**WORK INSTRUCTION:** Working from the start of the listing, please write out exactly the lines through the one that holds "Figure 4 Example of crop growth across time", both included, and omit all pictures.

**DATA:**
━━━━

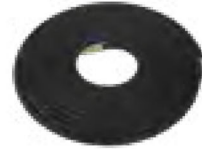
1 - Air Hose 3/8 in / 9.5 mm dia. x 16 ft / 5 m Black 22-890513
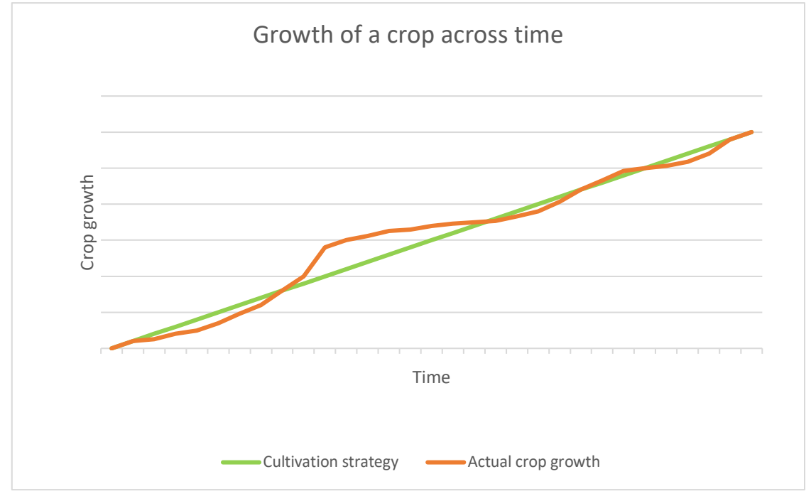
Figure 4 Example of crop growth across time

In figure 4, an example is given of the crop growth across time. The green line is the growth of the crop according to the predetermined cultivation strategy. The orange line is the actual growth, where the greenhouse management system is continuously trying to stay as close as possible to the green line. At the start of the growing season, the vision system identifies that the crop is a bit behind schedule and sends the feedback to the management system. The management system considers the weather of the coming weeks and decides to boost the crop growth by changing one of the many actuators. The weather, as unpredictable as it is, changed after the decision was made and the crop grew faster than was planned. The management system identifies this and slows the growth of the crop down again while at the same time saving his 'mistake'. The crop continues to grow, and you see a stabilizing effect where the crop growth is deviates less and less from the cultivation strategy.
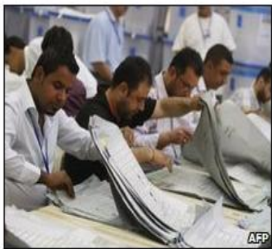
There have been complaints of fraud and irregularities in the vote counting

Iraq's election commission has rejected calls from the president and prime minister for a recount of votes cast in the general election on 7 March.
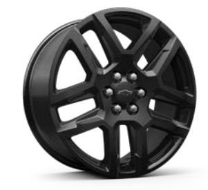
20" Gloss Black-Painted Aluminum Wheels Available on 2LT
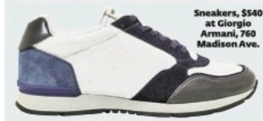
Sneakers, $540 at Giorgio Armani , 760 Madison Ave.
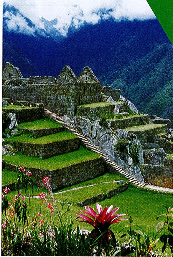
Machu Picchu Flowers grow on the slopes of Machu Picchu today.

The Inca adapted to difficult conditions. They built 14,000 miles of roads on which runners carried messages. To keep records, they used quipus (KEE•poos), counting tools of knotted cords. Today's descendants of the Inca, the Quechua (KEHCH•wuh), make up about 45 percent of Peru's population. They still use terraces and aqueducts, raise corn and potatoes, and graze llamas.
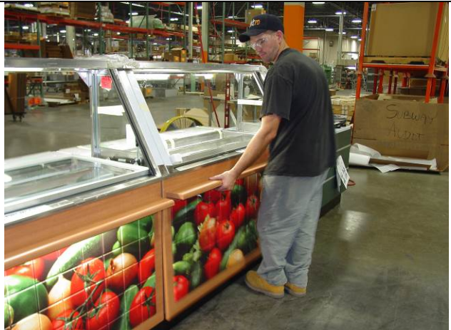
29. REINSTALL DÉCOR PANEL AND PLUG IN LIGHTS.
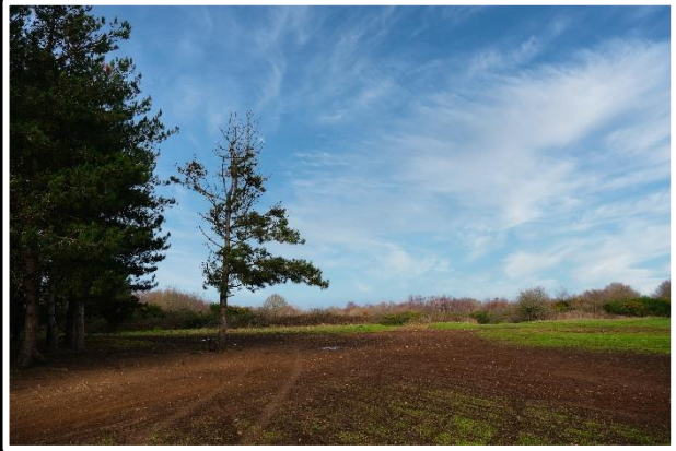
Area A - On the Ground
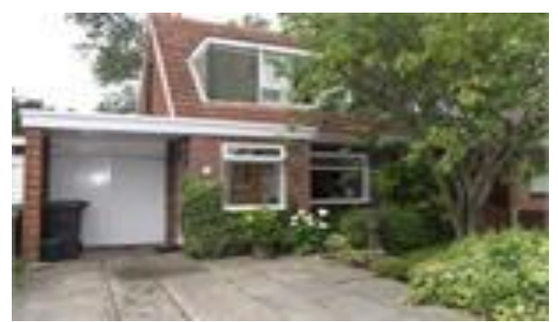
3 bedroom house currently on sale for £150,000.00

The development of these new properties in addition to the Powerhouse site would flood the local market with new builds of which we currently have many that have not sold. This would make it difficult for the current residents to sell properties and would also have an impact on the local Estate Agents who would not be used to sell the new properties as this is done via the developer initially and only when the development is complete and the developer has left would any unsold houses be passed to the local Estate Agents. There are a variety of properties currently on sale starting from £145,000 and up to £199,950 to include apartments, 2 bedroom, 3 bedroom and 4 bedrooms.
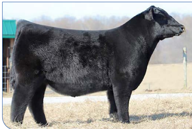
SCC SCH 24 Karat 838 - Sire of Lot 6
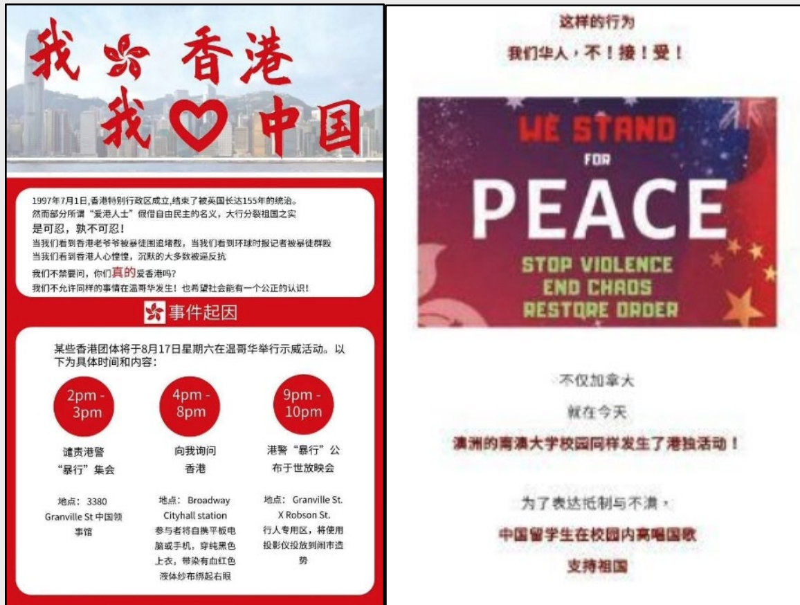
Figure 2: Pro-CCP counter protest information on sites that were being circulated on WeChat.

Organic and spontaneous resistance to the planned pro-Hong Kong events was expected. Peaceful counter-protests are naturally permissible given existing free expression guaranteed in Canada and elsewhere. However, pro-Hong Kong organizers expressed concerns about a more concerted and organized counter-movement. Organizers began to see evidence of a coordinated effort to disrupt and/or prevent pro-Hong Kong events. These efforts bear the hallmarks of official, state-condoned Chinese disinformation and intimidation campaigns.
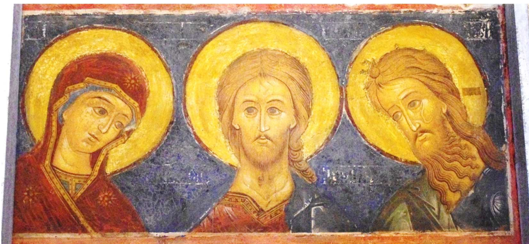
Fresco of the Virgin Mary, Christ and John the Baptist in the Cathedral of the Nativity of the Virgin, Suzdal, Russia

Love for enemies Luke Ch 6 vv 27-36 Matthew Ch 5 vv 43-48 Teaching about revenge Matthew Ch 5 vv 38-42 Jesus preaches in the synagogue Luke Ch 4 vv 16-end

━━━━

**ANSWER TO THE PROBLEM:**
1 - Air Hose 3/8 in / 9.5 mm dia. x 16 ft / 5 m Black 22-890513
Figure 4 Example of crop growth across time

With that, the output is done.